REQUIREMENT → In the entries that follow, the lines from the line containing "Clean box silhouette" up to and including the line containing "- 싼비즈 [8-101-05]써지컬스틸 펜던트 원&하트자개 12x14mm ,1개" must be copied exactly, with pictures omitted.

*** Opening THE DATA ***

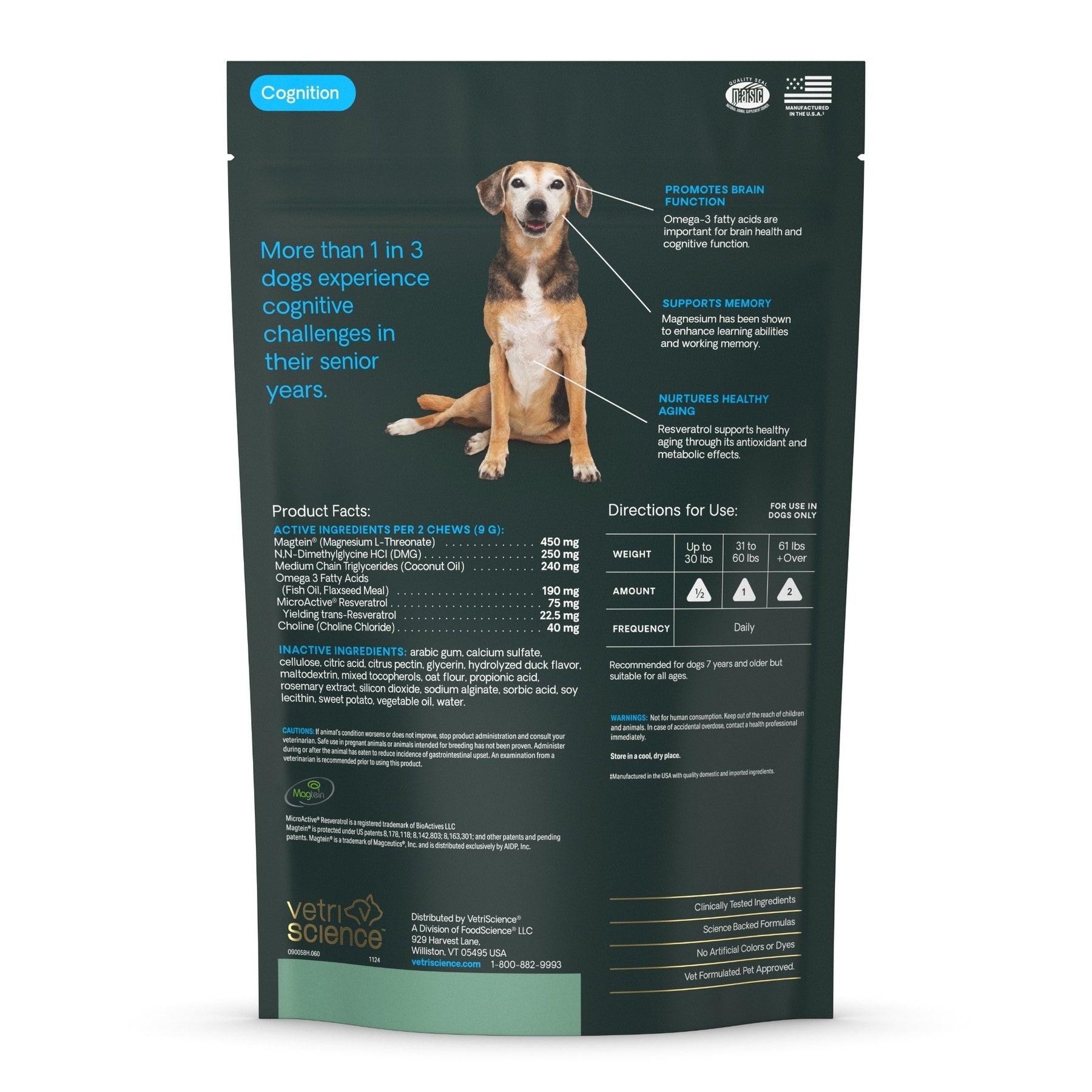 Veterinary Strength Healthy Cognition is a single chew to help fight effects of aging in senior dogs. It’s designed to address multiple health concerns such as cognitive, inflammatory, immune and metabolic functions. It’s powered by extensively researched ingredients to deliver maximum health benefits. This groundbreaking canine supplement is formulated with Magtein®, which is clinically shown to support cognition and brain health in senior dogs.
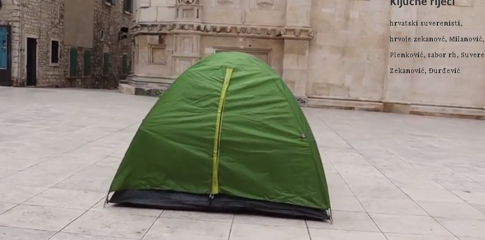 Hrvoje Zekanović, kandidat Hrvatski suverenista za gradonačelnika Grada Šibenika podigao je jučer poslijepodne mali šator na trgu između katedrale i Gradske vijećnice u Šibeniku aludirajući na plan gradske vlasti na na tvrđavi svetog Ivana kao šibenskoj baštini podigne turski šator YURT .
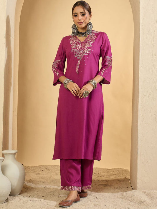 Dhiyona IE Women Embroidered Regular Thread Work Kurta with Trousers
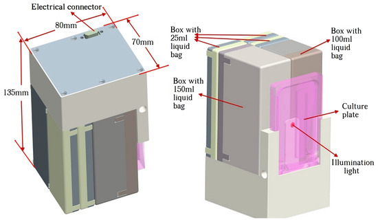 The composition of the sample culture unit is shown in Figure 4, which includes a culture plate, an illumination light, a box with a 150 mL waste liquid bag, a box with a 100 mL liquid bag, and three boxes each with a 25 mL liquid bag. The external dimensions of the sample culture unit are 135 mm × 80 mm × 70 mm. The sample culture units are mainly used to culture human cells and the culture medium is filled in the internal cavity of the culture plate. The means of culture is liquid perfusion culture, and the cells grow suspended in the culture medium. The culture medium contains dissolved oxygen and nutrients needed for growth. The duration of the cell-culture experiments is five days to 10 days normally.
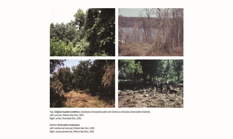 這個(gè)研究測(cè)試了那些森林的命運(yùn),它們是紐約城市公園自然資源機(jī)構(gòu)(New York City Parks Natural Resources Group)早期利用新生態(tài)修復(fù)方案改善公園中森林健康的焦點(diǎn)。紐約城市公園自然資源機(jī)構(gòu)自1984年成立以來(lái)一直致力于城市森林碎塊的生態(tài)修復(fù)工作,那時(shí)從初始繪圖中發(fā)現(xiàn)了公園森林(以入侵性的木質(zhì)灌木和藤蔓植物為主)中有大量的棲息地斑塊。
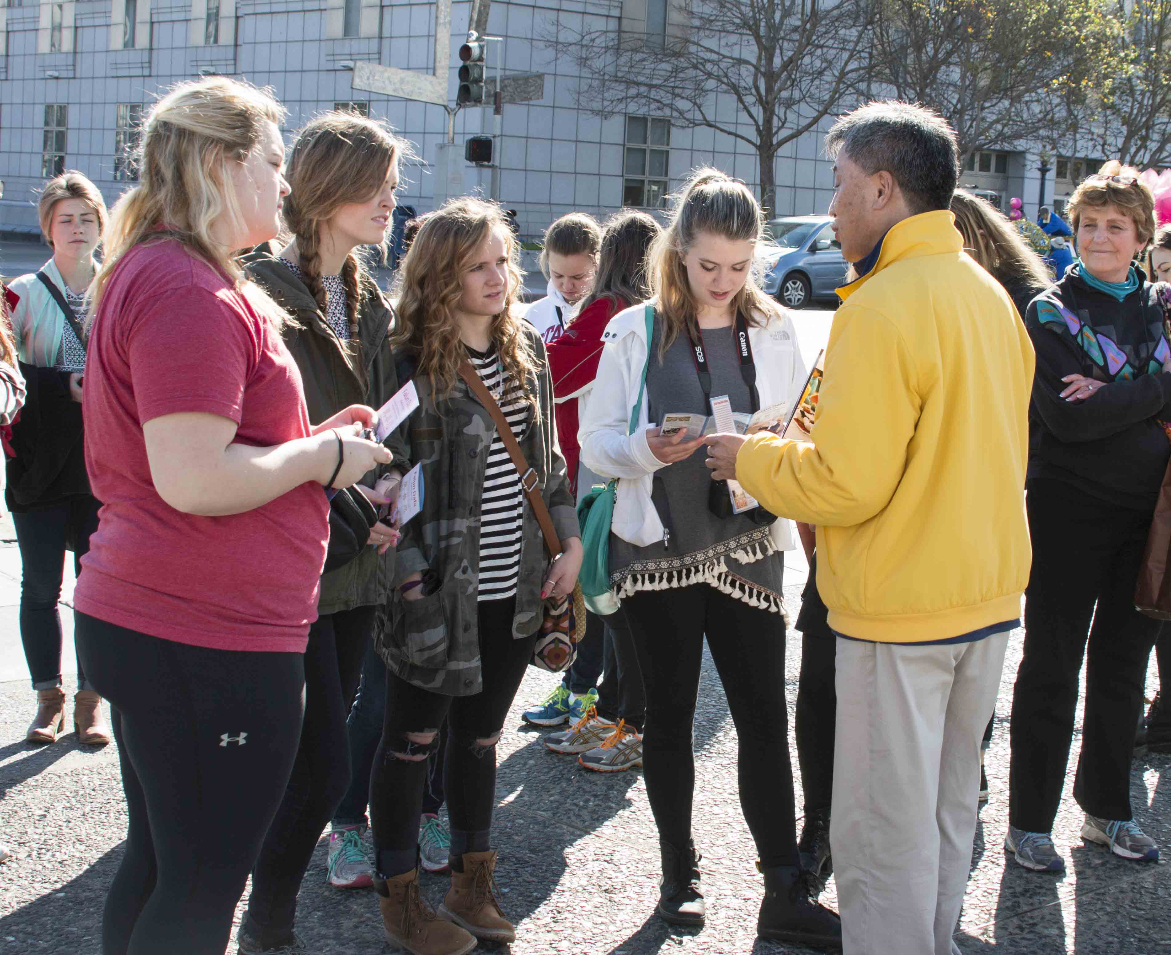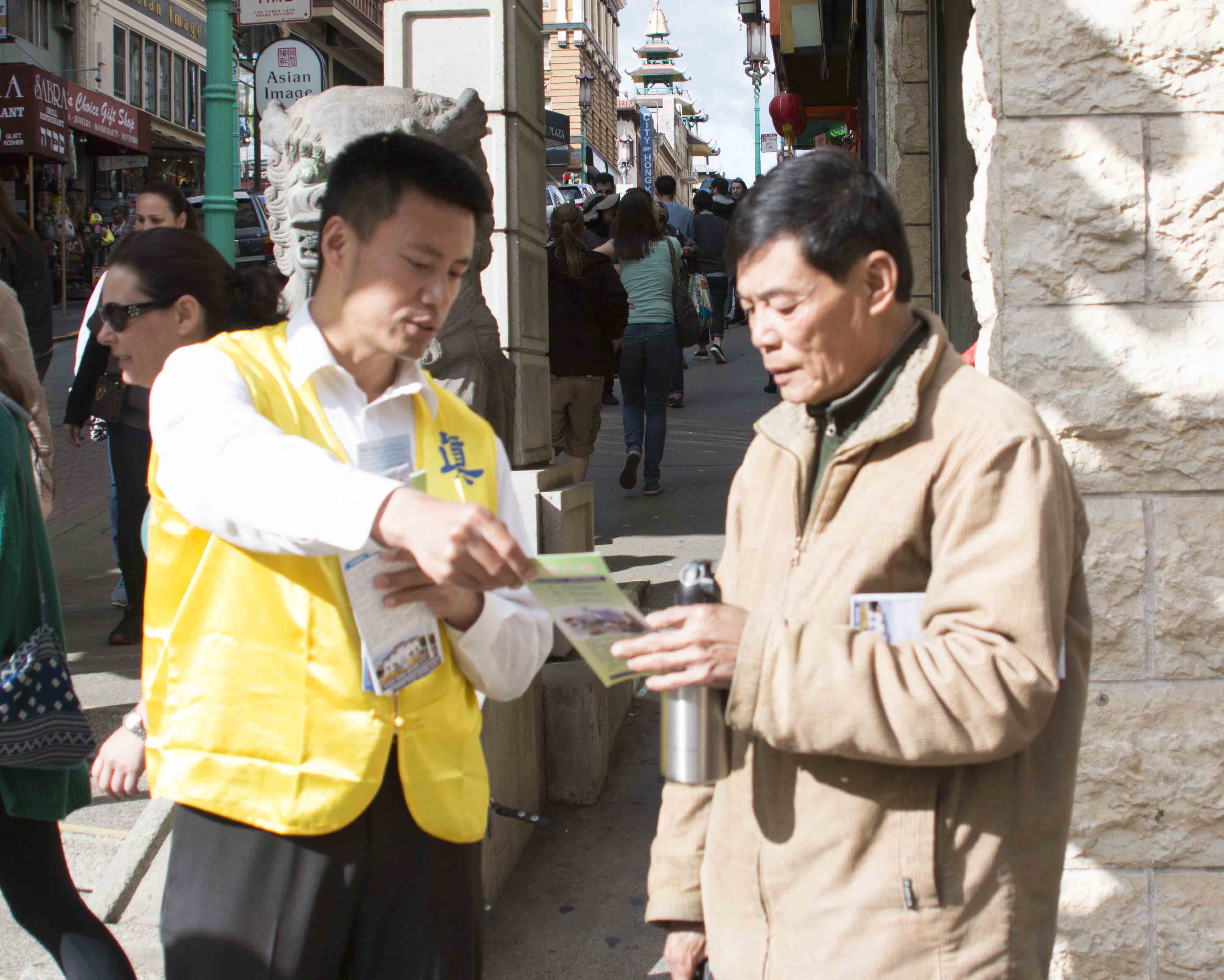 游行结束后,法轮功学员继续在旧金山中国城等真相点向民众讲清真相。
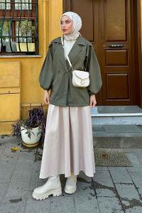 Lamelif Pamela Balon Kol Trenç Asker Yeşili
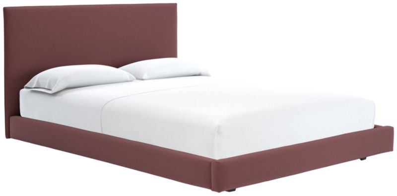 Clean box silhouette sleeps hi-fashion in soft white linen-y weave. Dreamy in hi/lo proportions: Slim cushioned headboard scales up for comfy reading in bed on low-profile frame. Tailored neat all the way around so it can float in the room. CB2 exclusive.
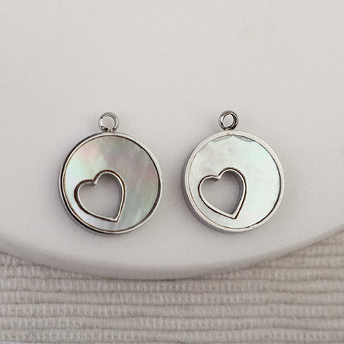 - 싼비즈 [8-101-05]써지컬스틸 펜던트 원&하트자개 12x14mm ,1개
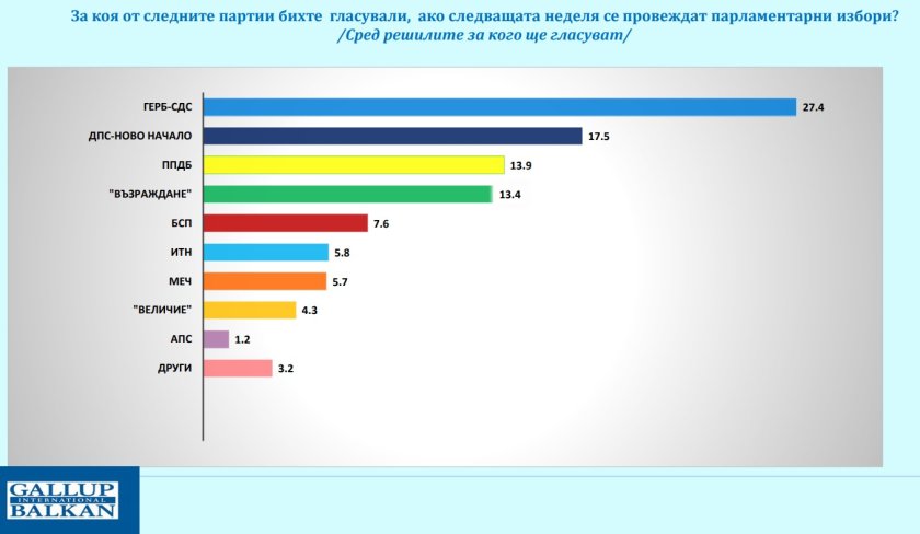 Сред решилите за кого ще гласуват ГЕРБ-СДС запазва убедителна водеща позиция с 27,4% подкрепа (при 25,7% през юли) – най-висок резултат от началото на годината. Значение за укрепването на електоралната подкрепа на формацията има дейността на правителството, последователната работа по ключови теми като присъединяването към еврозоната, изпълнението на Плана за възстановяване и устойчивост, поддържането на икономическа стабилност.
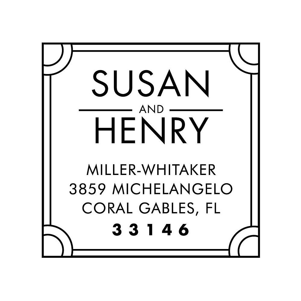 Your stamp plate will be produced with the capitalization and font shown in the sample.
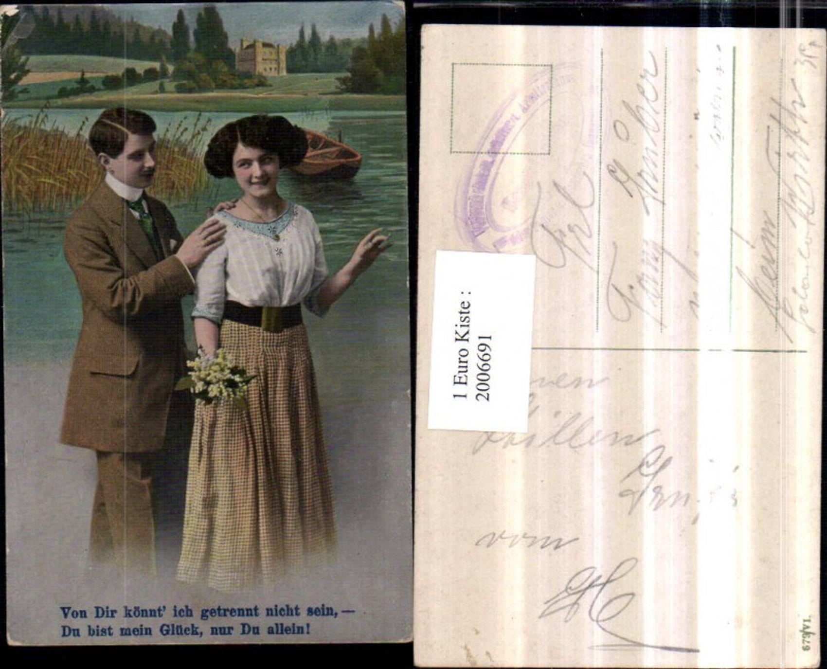 2006691,Liebe Liebespaar Mann m. Anzug Frau m. Bluse Rock Blumenstrauß Ruderboot

*** Closing THE DATA ***

ANSWER TO THIS TASK →
 Clean box silhouette sleeps hi-fashion in soft white linen-y weave. Dreamy in hi/lo proportions: Slim cushioned headboard scales up for comfy reading in bed on low-profile frame. Tailored neat all the way around so it can float in the room. CB2 exclusive.
 - 싼비즈 [8-101-05]써지컬스틸 펜던트 원&하트자개 12x14mm ,1개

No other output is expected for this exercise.